If you didn't feel like your attorney did a good job of representing you, you should talk to your attorney about it and see if they can explain the way they represented you. Attorneys are fairly familiar with Judges and we often know what will go over well in a courtroom and what will not. For instance, in my county, I know what Judges are going to be more sympathetic to a woman in your situation, and which will simply just not care, and to whom telling your story would just make them rule less in your favor.

If after talking with your attorney, you still feel like they did not adequately represent you, you can remove them from your case and consult with a different attorney. At this point, that'd be up to you if your case is nearly completed.
Customer: replied 4 years ago.

So hopefully if I ask the judge can I speak, she may let me sit on the witness stand and explain to her everything obviously indicating this won't change her decision?


Can I appeal her decision since none of the abuse was mentioned and I didn't pay for a court reporter but my husband did?

She probably won't let you sit on the witness stand since you won't actually be testifying. More than likely if she lets you address her, you will do so from behind the table you are sitting at with your lawyer.

If the abuse wasn't mentioned, unfortunately, that's not your Judge's fault, that may be the fault of your attorney. The Judge can only make rulings based on the evidence presented, and the Judge is not obligated to ask why the parties are divorcing. It would have been your attorney's job to present the evidence of the abuse.
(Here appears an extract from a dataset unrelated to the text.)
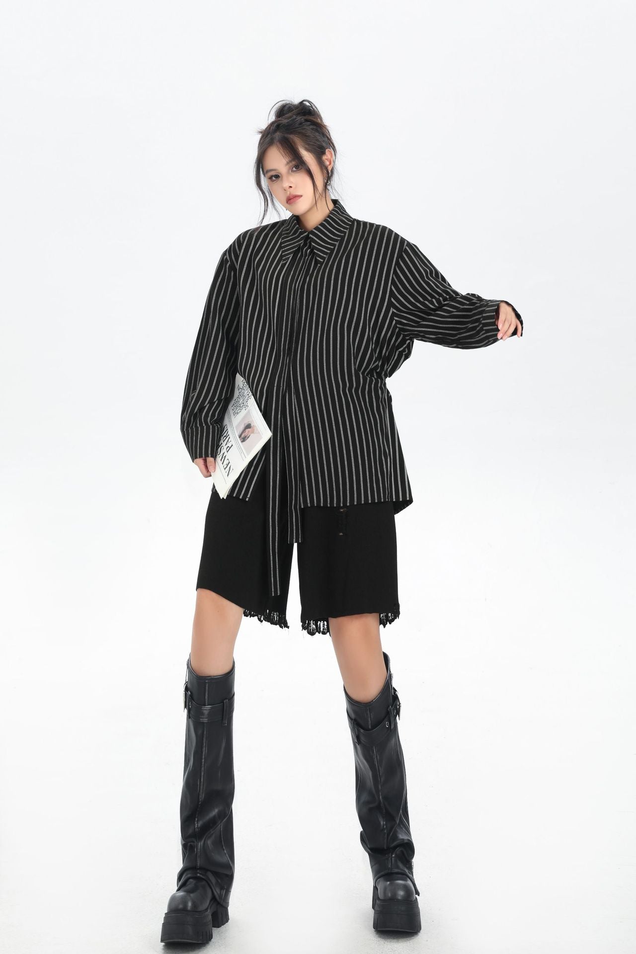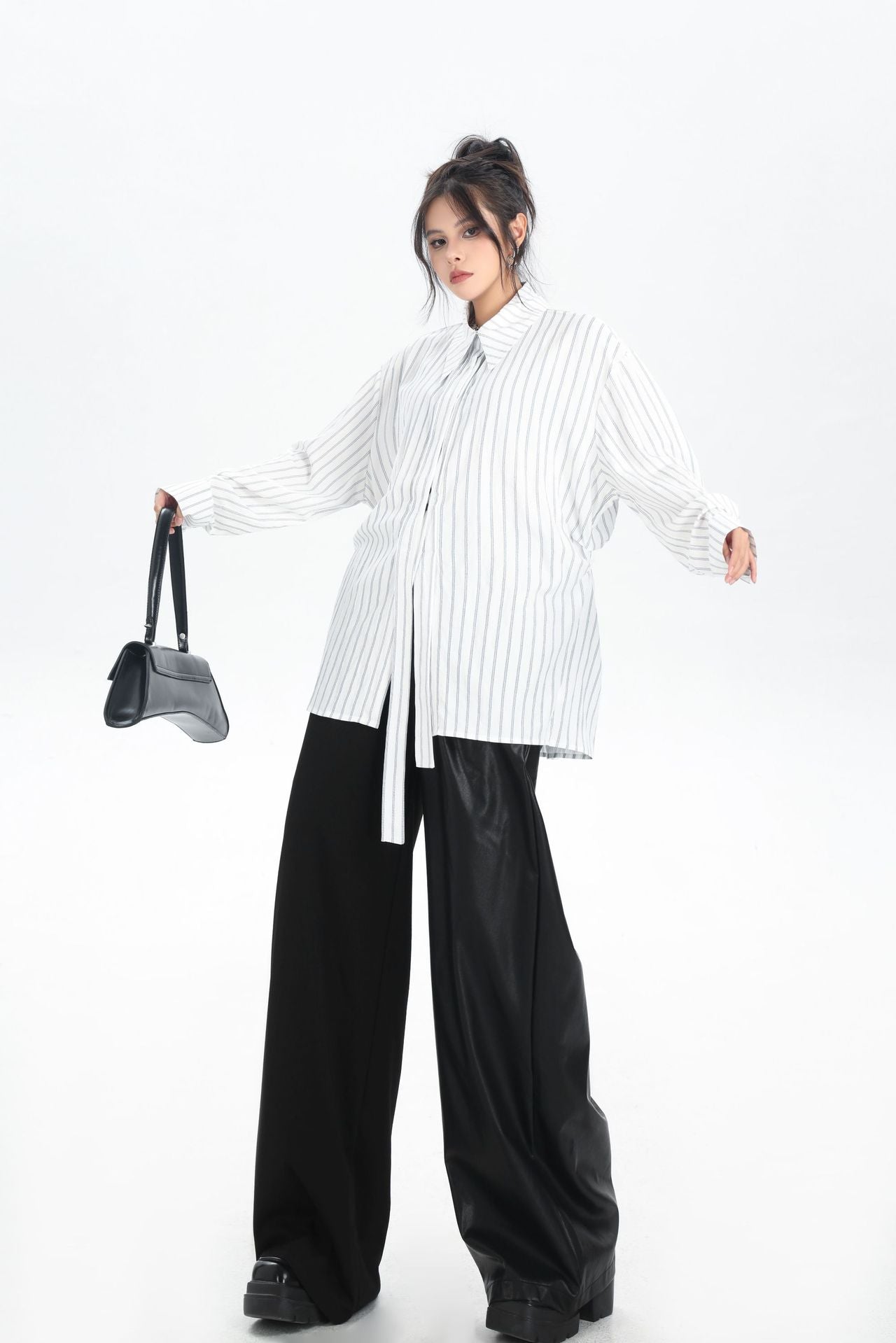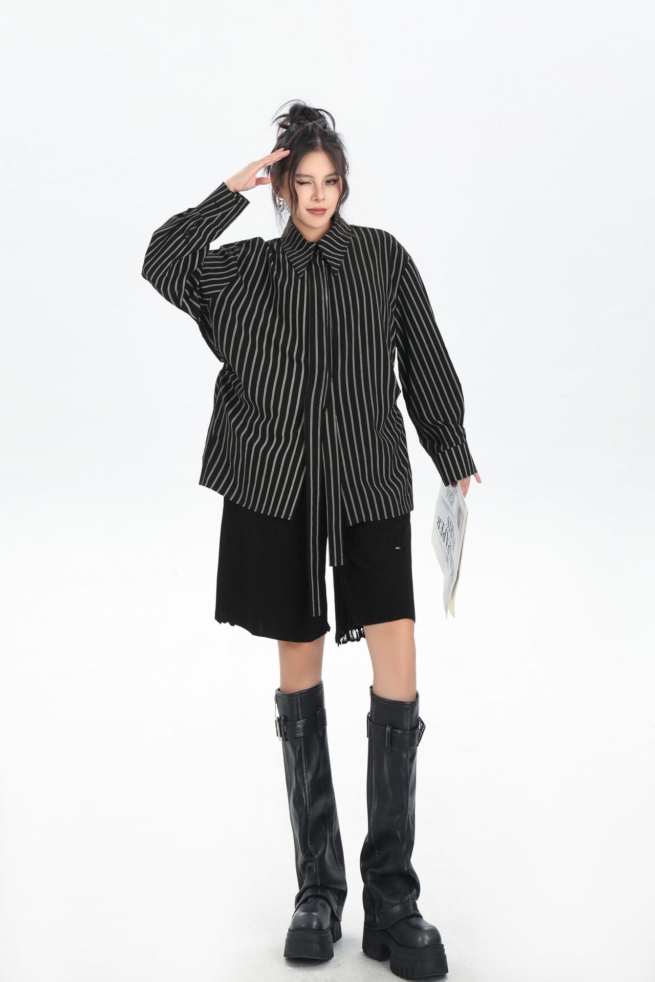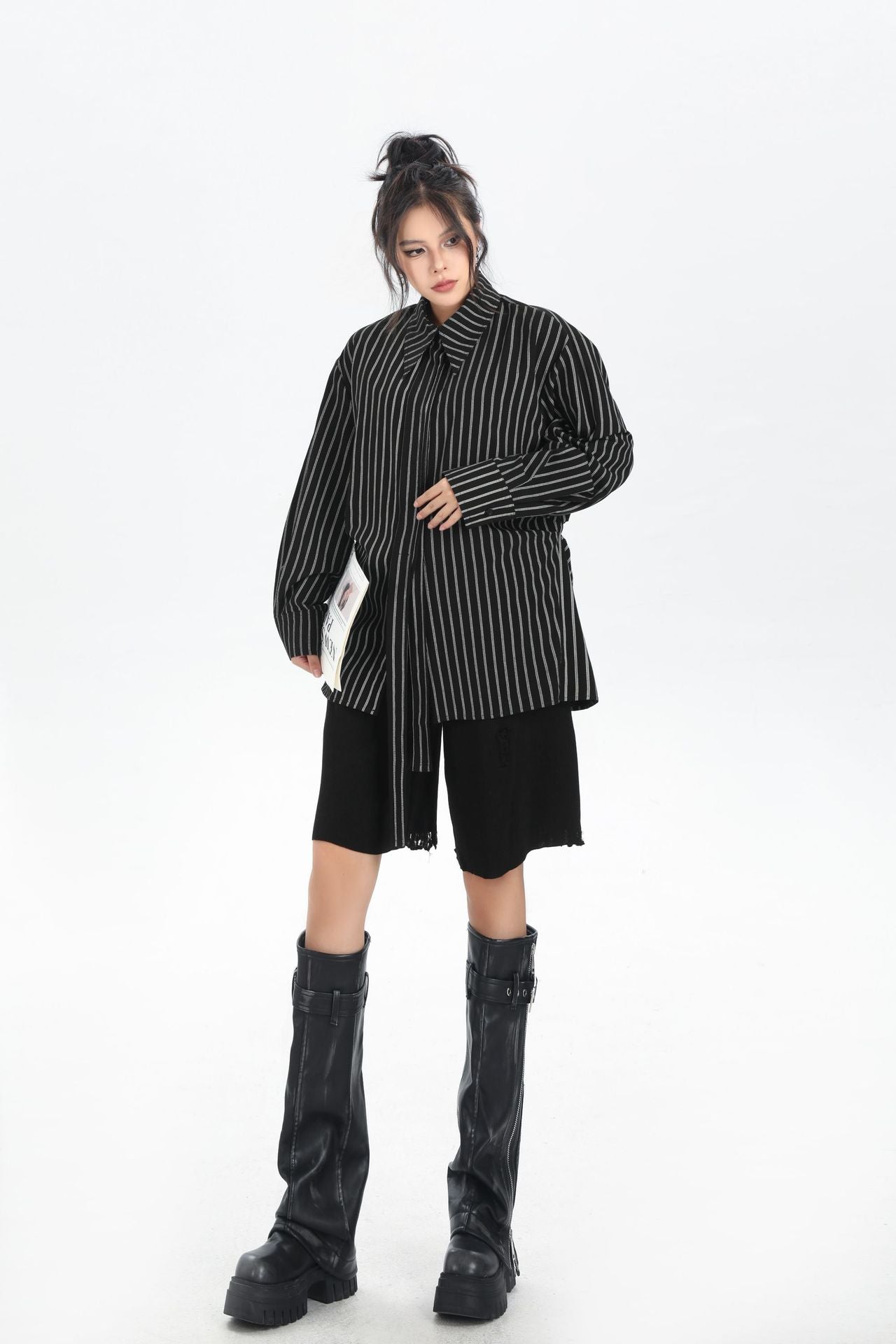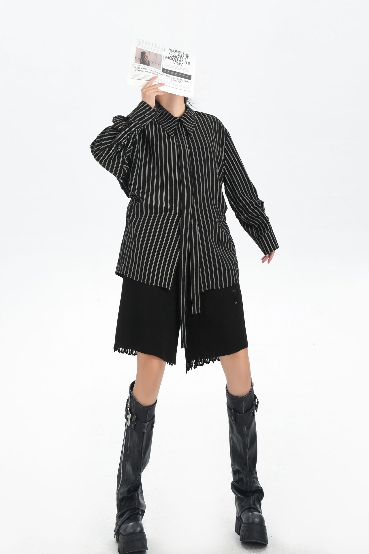 シャープな縦ストライプと程よくゆとりのあるルーズシルエットが印象的なドロップショルダーシャツ。大きめにとられた襟と、胸元から裾にかけて垂れる細リボンがアクセントになり、着こなしに動きをもたらす。両袖にはカフスディテールを施し、全体の印象を引き締めている。しなやかで通気性のあるコットンリネンの素材感が、見た目にも軽やかな仕上がり。パンツともスカートとも相性がよく、レイヤードにも重宝する。

Appeals are reserved for areas where the Judge misapplied the law or refused to allow testimony in wrongfully, or otherwise engaged in conduct contrary to law. If your attorney attempted to introduce relevant evidence in the appropriate manner and the Judge did not allow it, then you might have a chance for appeal. Appeals are quite expensive, however and also you would need to hire an attorney with experience in handling appeals. They also have defined time limits of appeal, so you would need to discuss the matter with an appellate attorney very soon before your chance to appeal was lost.